Münch (1999) compreende esta interpretação da sociedade como parte dos
movimentos de releitura da obra de Talcott Parsons empreendidos durante e
após a década de 1970, o que implicaria em verdade um fôlego renovado
sobre o legado do sociólogo americano ironicamente no momento em que há
sua crise de hegemonia e a conseqüente explosão de diversidade
paradigmática que caracteriza a produção teórica social desde então. Embora
de fato seja inegável a influência da obra de Talcott Parsons sobre Luhmann,
sendo que o alemão trabalhou com este, acreditamos que isto seja insuficiente
para analisarmos as especificidades teóricas do neosistemismo luhmanniano.
A abordagem do autor, que participa do debate acumulativo da ciência social,
de onde vemos uma das aplicações mais sistemáticas e exaustivas da teoria
dos sistemas como corpus teórico explicativo sobre a sociedade, não decorre
sem inúmeras especificidades. Vamos a estas.

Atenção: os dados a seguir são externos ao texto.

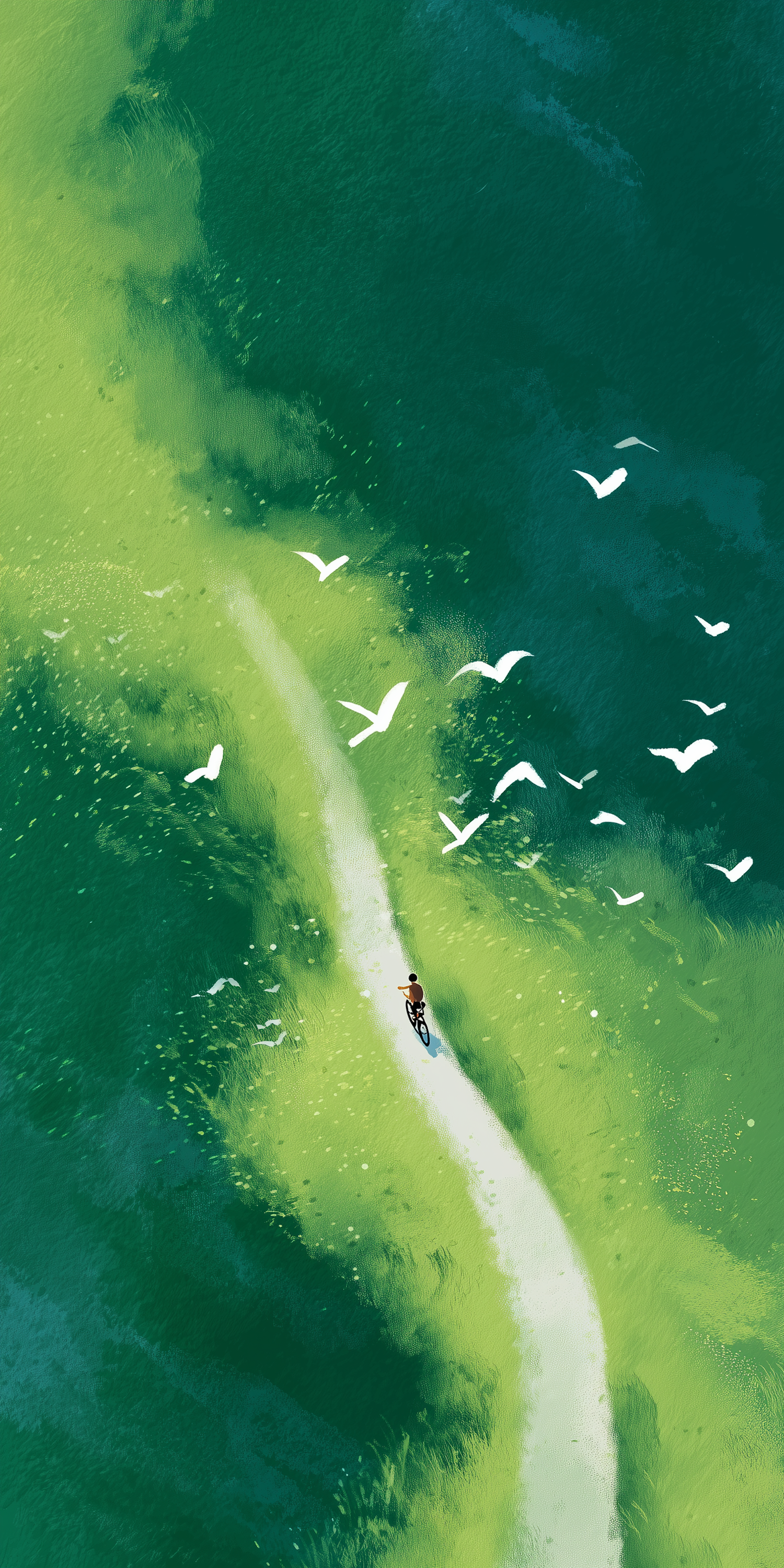 A cyclist rides along a winding path through lush green fields, surrounded by flying white birds in this serene and vibrant illustration.

Jeffrey Alexander, Richard Münch, Jürgen Habermas, Wolfgang Schluchter,
Anthony Giddens, contribuem também a releitura parsoniana pós-19702
(Münch, Op. Cit.) realizando sínteses teóricas deste aparato conceitual com o
estruturalismo, kantismo, hermenêutica, sociologia compreensiva, acionalismo
teórico, etc.. E de alguma forma interpreto que estas abordagens são
complementares no desenvolvimento geral da teoria dos sistemas. Luhmann
renova este legado em uma direção inusitada ao propor o diálogo desta teoria
com as ciências naturais e com o construtivismo radical dos biólogos chilenos
Humberto Maturana e Francisco Varela. Deste ponto teremos conseqüências
epistemológicas e conceituais profundas na maneira como a teoria dos
sistemas pode ser aplicada na análise da sociedade, onde há a re-significação
e ou a entrada de outros elementos conceituais até então ainda não testados
(Luhmann, 1997; Bechmann & Stehr, 2001; Neves & Neves, 2006). Ingressam
no léxico do neosistemismo luhmanniano a autopoiese, acoplamentos
estruturais, observações de segunda ordem, máquinas complexas,
contingência, além dos já presentes, desde Parsons, termos como médiuns
(meios de comunicação intra e suprasistêmica), a divisão da sociedade em
subsistemas, a idéia de diferenciação funcional e uma compreensão
neoevolucionista da sociedade.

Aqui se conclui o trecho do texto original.